3) Build a count matrix of all the words that appear in all the abstracts

from sklearn.feature_extraction.text import CountVectorizer
    
def retrieve_drugtag_index(drug):
    #find the index of the papers in the DataFrame that mention each drug
    indices = []
    for i in range(len(drugpapers)):
        if drug in drugpapers.iloc[i, 2]:
            indices += [i]
    return(indices)

def extractWM(drug):
    #if there are 1 or more papers tagged with a drug calculate the word count vector using the words in all the tagged titles and abstracts
    drug_tag_indices = retrieve_drugtag_index(drug)
    
    if len(drug_tag_indices) > 0:
        drug_abstract_text = (' ').join(drugpapers.iloc[drug_tag_indices, :]['AllText'].values)
        
        vectorizer = CountVectorizer()
        drugWM = vectorizer.fit_transform([drug_abstract_text])
    
        drugWM_df = pd.DataFrame(drugWM.toarray(), index=[drug], columns = vectorizer.get_feature_names())
        
        return(drugWM_df)
    
    else:
        #if no abstracts for the given drug
        return('No abstracts')
    
#build drug-word matrix    
count = 0
for drug in druglist[count:]:

    drugWM_df = extractWM(drug)
    
    if type(drugWM_df) == pd.core.frame.DataFrame:
        if count == 0:
            drugwords = drugWM_df.copy()
        else:
            drugwords = pd.concat([drugword_df, drugWM_df])
        
        count += 1
    else:
        pass

4) Calculate pointwise mutual information (PMI)
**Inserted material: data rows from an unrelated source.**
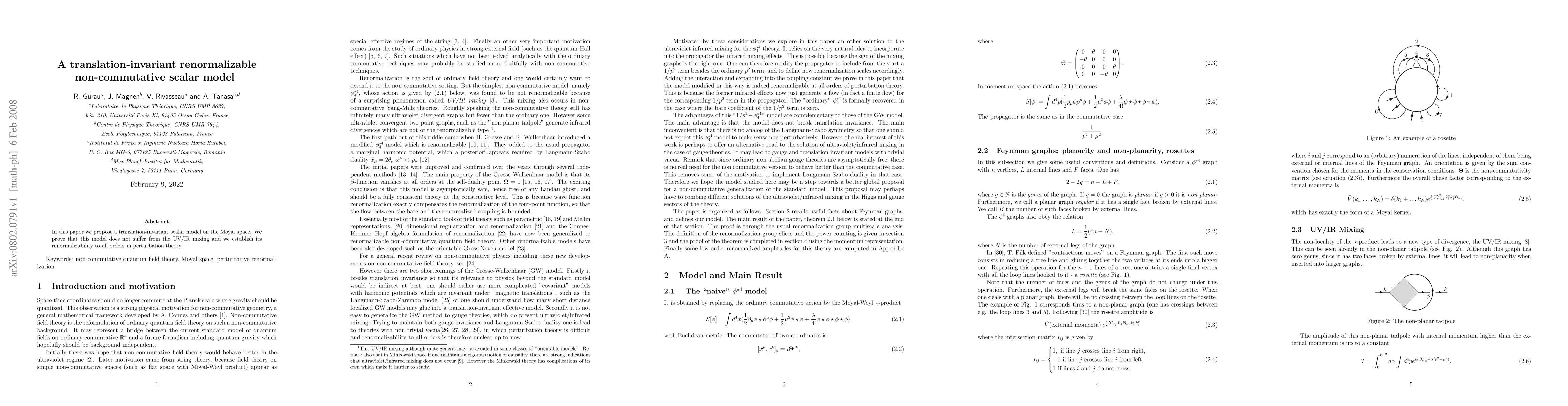 In this paper we propose a translation-invariant scalar model on the Moyal space. We prove that this model does not suffer from the UV/IR mixing and we establish its renormalizability to all orders in perturbation theory.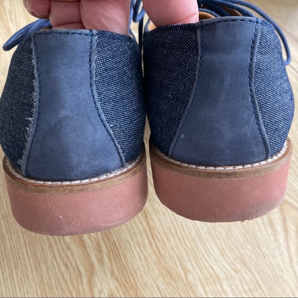 Nice with the denim fabric offset with leather. Pre-loved and in nice condition. That upper leather portion has a small mark or two so zoom in. Shop smart and maximize your shipping $. Peruse my closet of over 1,000 items. Bundle & save!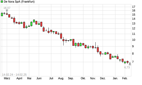 Mit dem Rücksetzer auf 6,73 EUR hat die Industrie De Nora-Aktie (ISIN IT0005186371) am 13.02.2025 ein neues All-Time-Low erreicht und damit den Kurs vom 12.02.2025 eingestellt.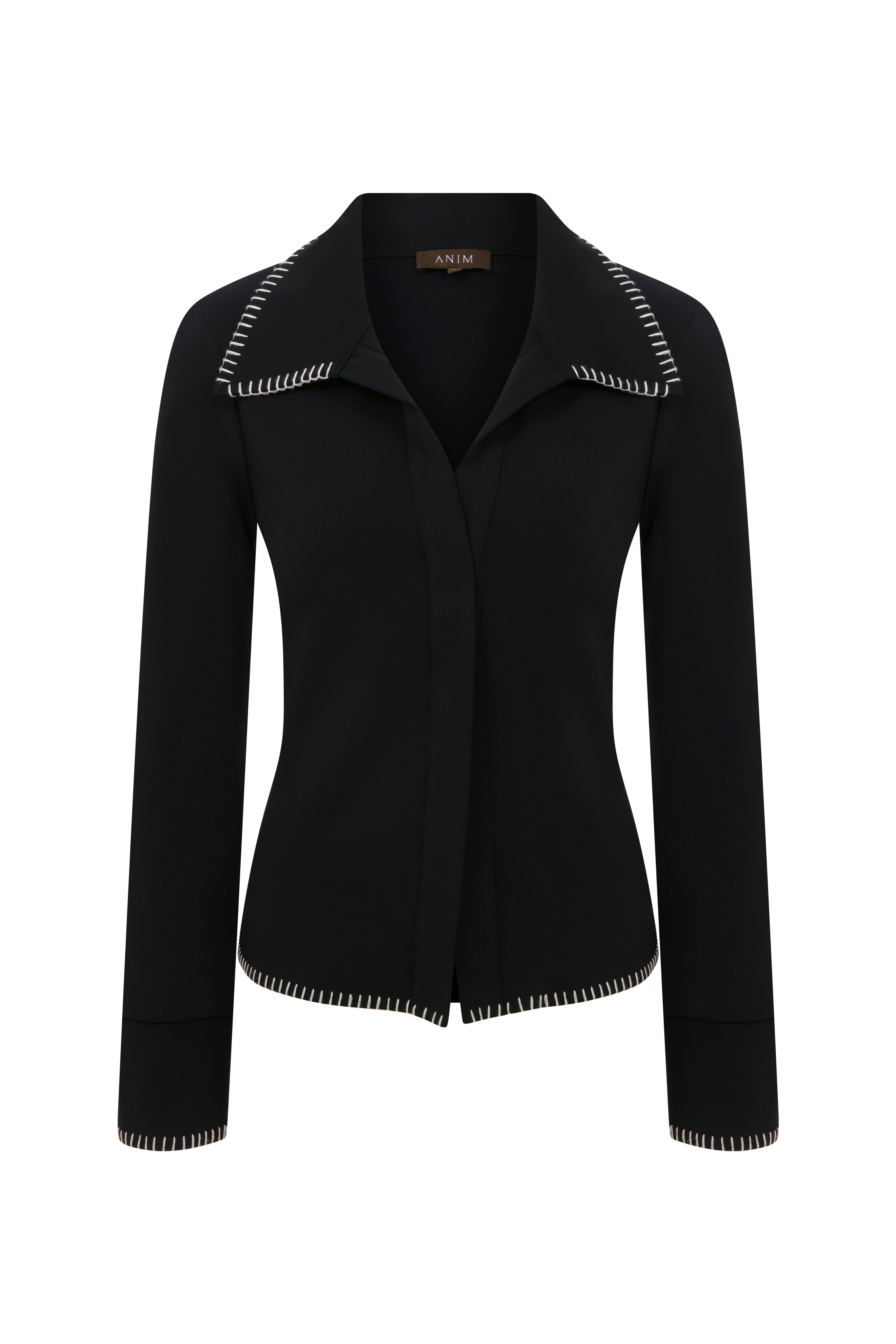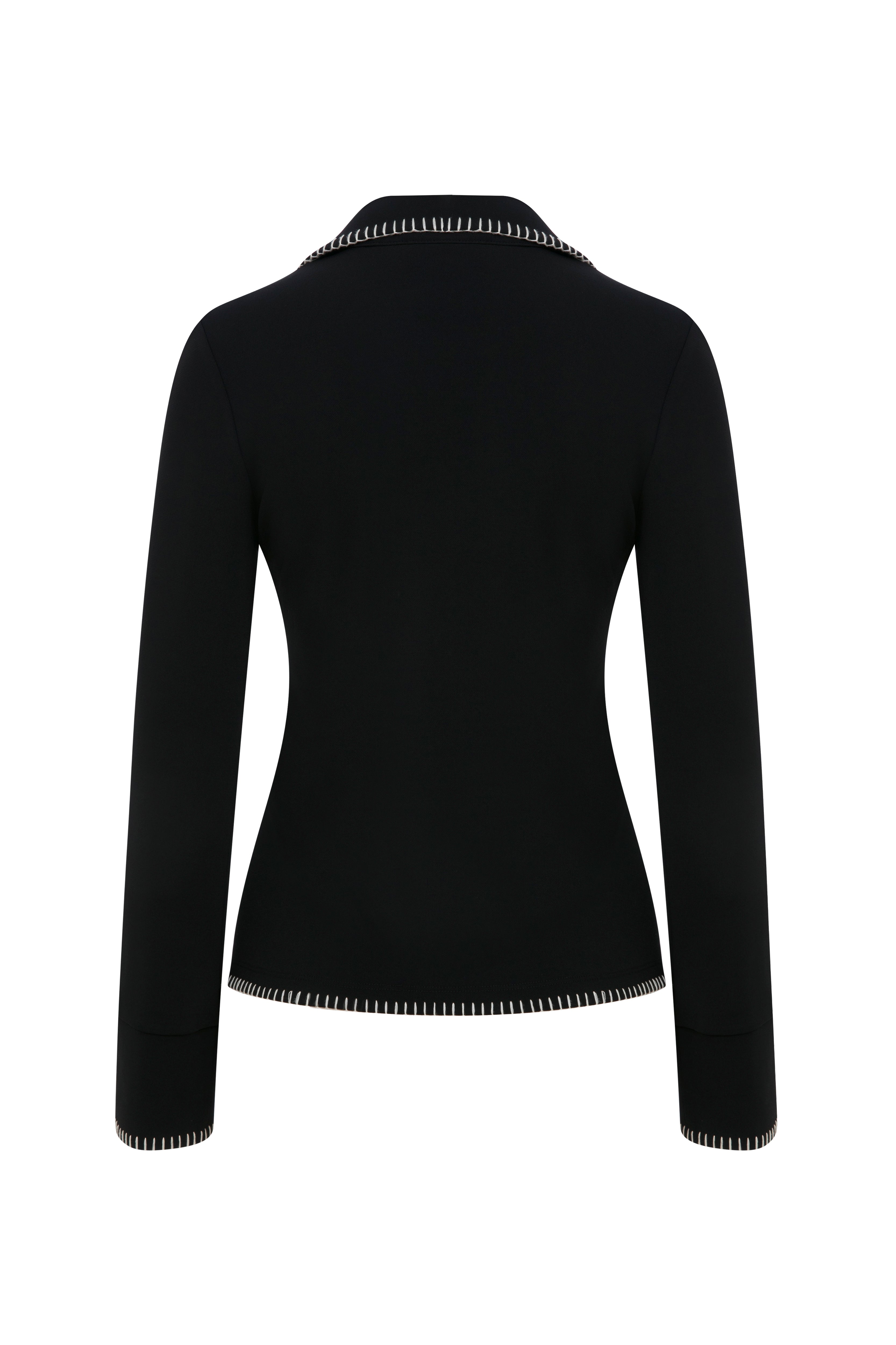 Koza Siyah Üst pürüzsüz polyester–elastan karışımından üretilmiş uzun kollu bir tasarıma sahiptir.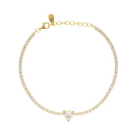 Riviera Bracelet in 925 Gold Plated Silver with Heart Zircon and elegant Zircon studded bracelet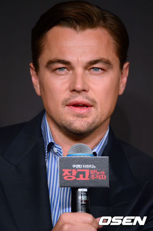 7일 오후 서울 역삼동 리츠 칼튼 호텔에서 진행된 영화 '장고:분노의 추적자'(쿠엔틴 타란티노 감독)의 제작보고회에서 레오나르도 디카프리오가 소감을 말하고 있다

  • To account for differences in number of abstracts per drug and to remove the effects of common words like “the”, “and”, “of” etc. that aren’t predictive I calculated pointwise mutual information (PMI) for the word count matrix
'''
                  P(x, y)
pmi(x ,y) = log ------------ 
                  P(x)P(y)
'''

#add rows of sums for pmi calculations
drugwords['sumrows'] = drugwords.sum(axis=1)
drugwords = drugwords.append(pd.DataFrame(drugwords.sum(), columns=['drugSum']).T)

drugwords['p_word'] = drugwords['sumrows'] / drugwords.loc['drugSum', 'sumrows']

#p_drug
drugwords = drugwords.append(pd.DataFrame(drugwords.loc['drugSum', :] / drugwords.loc['drugSum', 'sumrows']).T)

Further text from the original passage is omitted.